Fit a standard k-nearest-neighbor classifier and a support vector machine with a linear kernel (check help) on the Sonar dataset, and report what fitted better.

Prepare dataset:

library(mlbench)
set.seed(123)

data(Sonar)
data = Sonar
#str(data)

# Do not forget scaling! This may be done implicitly by most functions.
# Here, it's done explicitly for teaching purposes.
data = cbind.data.frame(
  scale(data[,-length(data)]),
  "class" = data[,length(data)]
)

n = length(data[,1])
indicesTrain = sample.int(n, (n+1) %/% 2) # Take (at least) 50 % of the data.
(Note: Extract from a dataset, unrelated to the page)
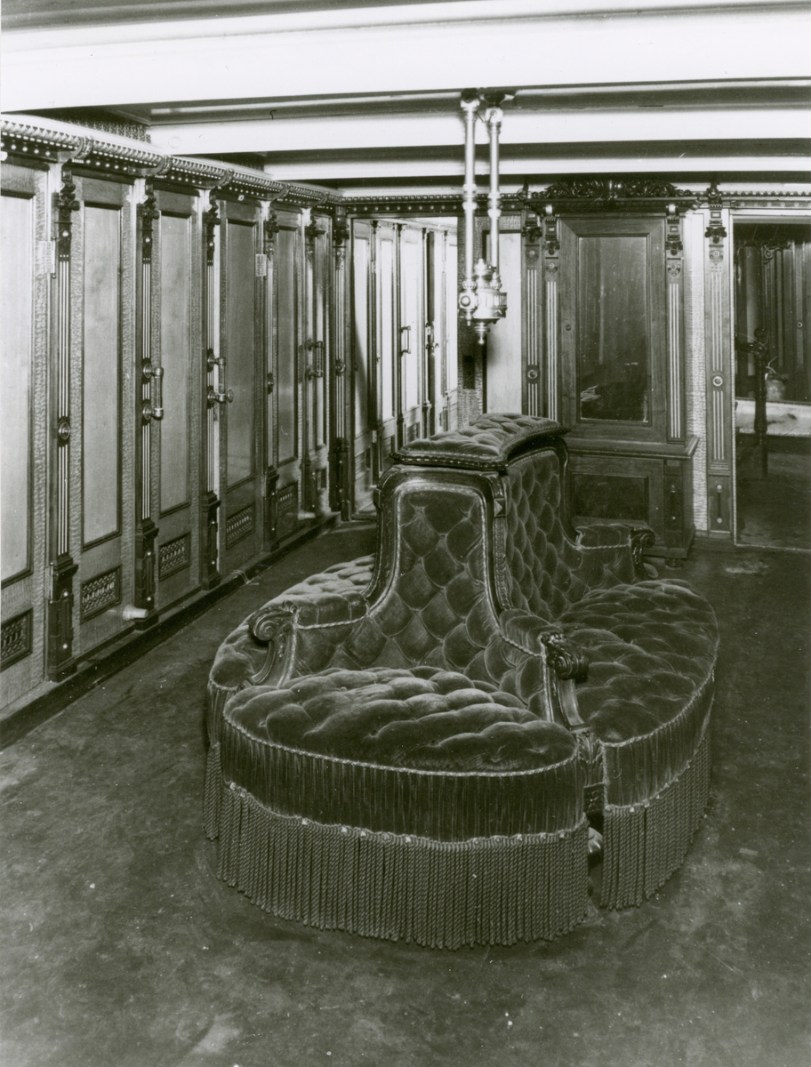 Titel: Interiörbilder från passagerarångfartyget S/S BIRGER JARL tagna i samband med skrotningen på Finnboda varv 1951. Fartyget gick på linjen Stockholm-Göteborg-Kristiania. Först för Ångfartygs AB Södra Sverige och efter 1909 för Rederi AB Svea.

train = data[indicesTrain,]
test = data[-indicesTrain,]

Tasks:

Fit a svm (from the e1071 package) on the train dataset and make predictions for the test dataset
Fit a kNN (from the kknn package) on the train dataset and make predictions for the test dataset
Calculate confusion matrices to compare the performance

library(e1071)
library(kknn)

knn = kknn(class~., train = train, test = test, scale = FALSE,
           kernel = "rectangular")
predKNN = predict(knn, newdata = test)

sm = svm(class~., data = train, scale = FALSE, kernel = "linear")
predSVM = predict(sm, newdata = test)

K-nearest-neighbor, standard (rectangular) kernel:

       labelsTest
predKNN  M  R
      M 46 29
      R  8 21

Correctly classified:  67  /  104

Support-vector machine, linear kernel:

       labelsTest
predSVM  M  R
      M 41 15
      R 13 35

Correctly classified:  76  /  104

K-nearest neighbor fitted (slightly) better.